■ Exercise requirements
Copy the data precisely, character for character, and leave out every picture.

■ Collected data

********************

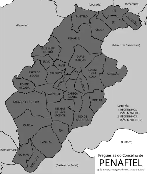 O município de Penafiel divide-se em 28 freguesias, tendo 3 delas o estatuto de vila (Abragão, Paço de Sousa e Rio de Moinhos):
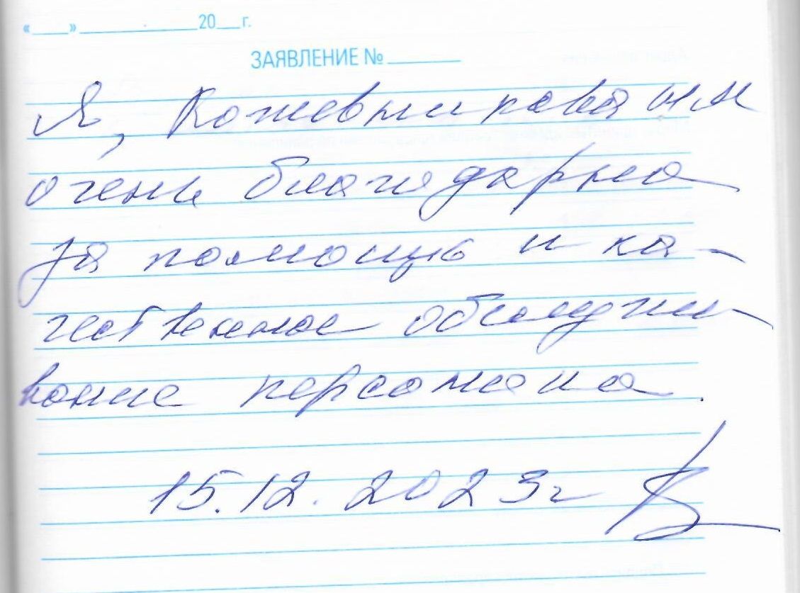 Я, Кожевникова Н.М. очень благодарна за помощь и качественное обслуживание персонала.
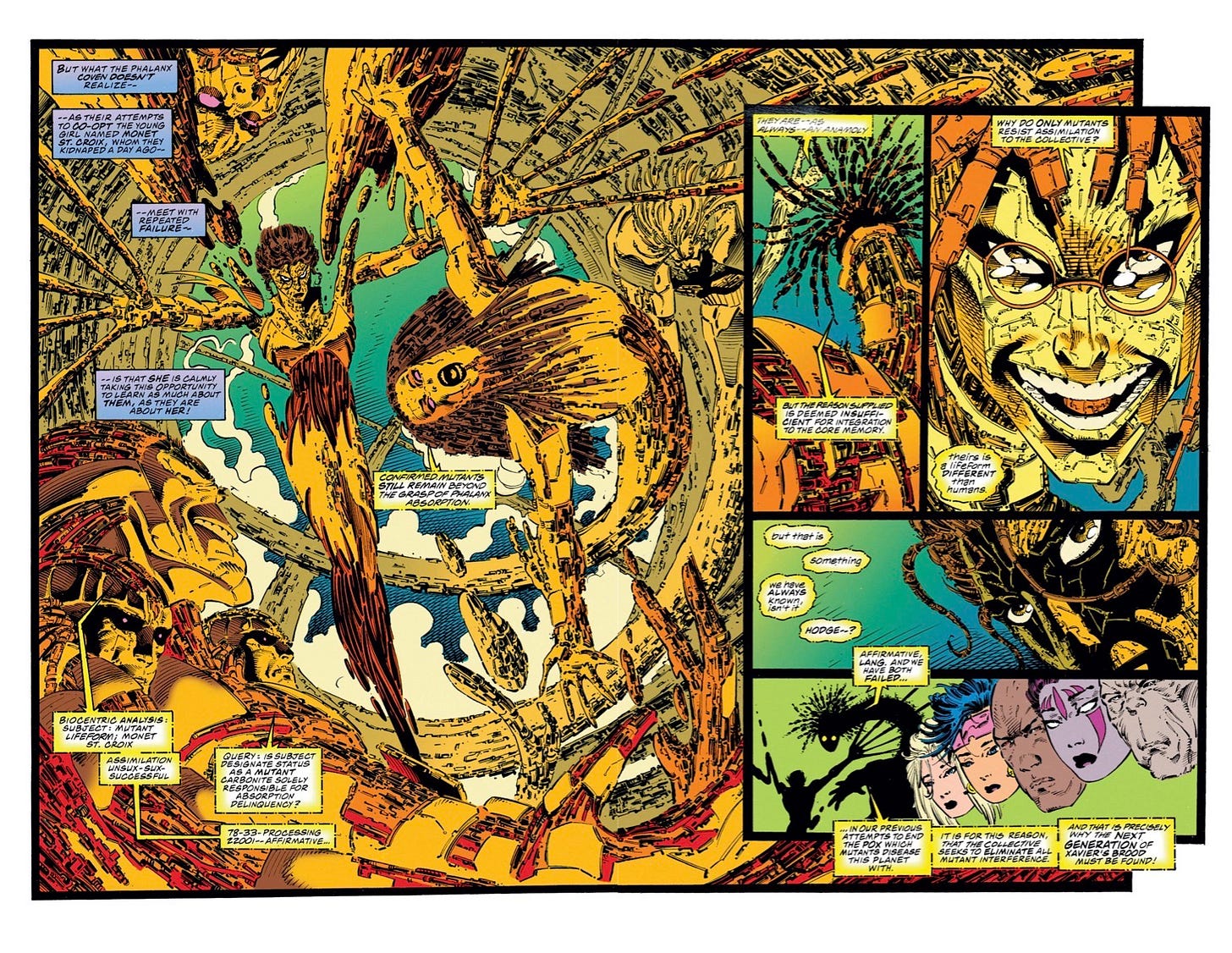 The last example I’d like to mention is the Phalanx from Marvel Comics. Created by Scott Lobdell and Joe Madureira, they are a race of techno-organic extraterrestrials that infect and absorb other life forms. Humans who are infected seem to retain some of their personality traits, but their motivations become entirely to serve the greater hive mind. They’re probably best remembered for being the primary antagonists in the “Phalanx Covenant” crossover event in 1994, but they also played an important role in the Powers of X comic book series from Jonathan Hickman and R.B. Silva in 2019.

********************

■ Answer space
 O município de Penafiel divide-se em 28 freguesias, tendo 3 delas o estatuto de vila (Abragão, Paço de Sousa e Rio de Moinhos):
 Я, Кожевникова Н.М. очень благодарна за помощь и качественное обслуживание персонала.
 The last example I’d like to mention is the Phalanx from Marvel Comics. Created by Scott Lobdell and Joe Madureira, they are a race of techno-organic extraterrestrials that infect and absorb other life forms. Humans who are infected seem to retain some of their personality traits, but their motivations become entirely to serve the greater hive mind. They’re probably best remembered for being the primary antagonists in the “Phalanx Covenant” crossover event in 1994, but they also played an important role in the Powers of X comic book series from Jonathan Hickman and R.B. Silva in 2019.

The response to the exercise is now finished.